Dataset records section start
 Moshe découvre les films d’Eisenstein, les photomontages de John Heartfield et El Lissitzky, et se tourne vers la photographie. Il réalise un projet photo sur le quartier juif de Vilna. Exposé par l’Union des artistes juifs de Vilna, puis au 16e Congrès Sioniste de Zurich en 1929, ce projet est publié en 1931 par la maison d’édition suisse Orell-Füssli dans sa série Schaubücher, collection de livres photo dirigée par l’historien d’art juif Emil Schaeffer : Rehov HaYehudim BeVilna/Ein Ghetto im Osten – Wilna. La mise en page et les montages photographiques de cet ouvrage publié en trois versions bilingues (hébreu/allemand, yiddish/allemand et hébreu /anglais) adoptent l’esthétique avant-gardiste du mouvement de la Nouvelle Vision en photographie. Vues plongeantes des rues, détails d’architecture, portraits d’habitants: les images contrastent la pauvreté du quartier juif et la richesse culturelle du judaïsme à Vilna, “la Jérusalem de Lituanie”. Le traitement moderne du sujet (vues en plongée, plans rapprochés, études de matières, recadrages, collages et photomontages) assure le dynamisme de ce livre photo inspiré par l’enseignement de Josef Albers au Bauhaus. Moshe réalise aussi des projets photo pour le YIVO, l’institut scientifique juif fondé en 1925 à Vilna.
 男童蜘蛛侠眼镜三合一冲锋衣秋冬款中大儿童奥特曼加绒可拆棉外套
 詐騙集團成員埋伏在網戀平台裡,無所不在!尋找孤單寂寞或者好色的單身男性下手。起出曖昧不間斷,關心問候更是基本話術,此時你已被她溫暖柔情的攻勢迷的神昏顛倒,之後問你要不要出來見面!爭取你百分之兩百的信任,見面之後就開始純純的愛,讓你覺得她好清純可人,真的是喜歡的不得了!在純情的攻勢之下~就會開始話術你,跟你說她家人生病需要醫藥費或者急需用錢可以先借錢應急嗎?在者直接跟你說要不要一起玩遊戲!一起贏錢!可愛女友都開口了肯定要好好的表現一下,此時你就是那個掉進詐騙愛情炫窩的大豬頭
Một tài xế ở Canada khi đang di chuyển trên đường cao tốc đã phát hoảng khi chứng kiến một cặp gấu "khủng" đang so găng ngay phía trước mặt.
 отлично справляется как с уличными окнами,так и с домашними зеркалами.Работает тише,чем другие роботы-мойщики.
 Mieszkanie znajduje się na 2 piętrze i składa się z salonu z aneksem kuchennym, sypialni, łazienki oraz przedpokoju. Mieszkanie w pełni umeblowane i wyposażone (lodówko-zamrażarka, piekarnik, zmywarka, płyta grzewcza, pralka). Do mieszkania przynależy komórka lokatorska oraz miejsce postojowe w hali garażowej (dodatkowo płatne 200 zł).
Dataset records section end
## About this task
In the material above, locate the line containing "男童蜘蛛侠眼镜三合一冲锋衣秋冬款中大儿童奥特曼加绒可拆棉外套" and the line containing "詐騙集團成員埋伏在網戀平台裡". Transcribe exactly those two lines and every line between them, and nothing more.

## Solution to the exercise
 男童蜘蛛侠眼镜三合一冲锋衣秋冬款中大儿童奥特曼加绒可拆棉外套
 詐騙集團成員埋伏在網戀平台裡,無所不在!尋找孤單寂寞或者好色的單身男性下手。起出曖昧不間斷,關心問候更是基本話術,此時你已被她溫暖柔情的攻勢迷的神昏顛倒,之後問你要不要出來見面!爭取你百分之兩百的信任,見面之後就開始純純的愛,讓你覺得她好清純可人,真的是喜歡的不得了!在純情的攻勢之下~就會開始話術你,跟你說她家人生病需要醫藥費或者急需用錢可以先借錢應急嗎?在者直接跟你說要不要一起玩遊戲!一起贏錢!可愛女友都開口了肯定要好好的表現一下,此時你就是那個掉進詐騙愛情炫窩的大豬頭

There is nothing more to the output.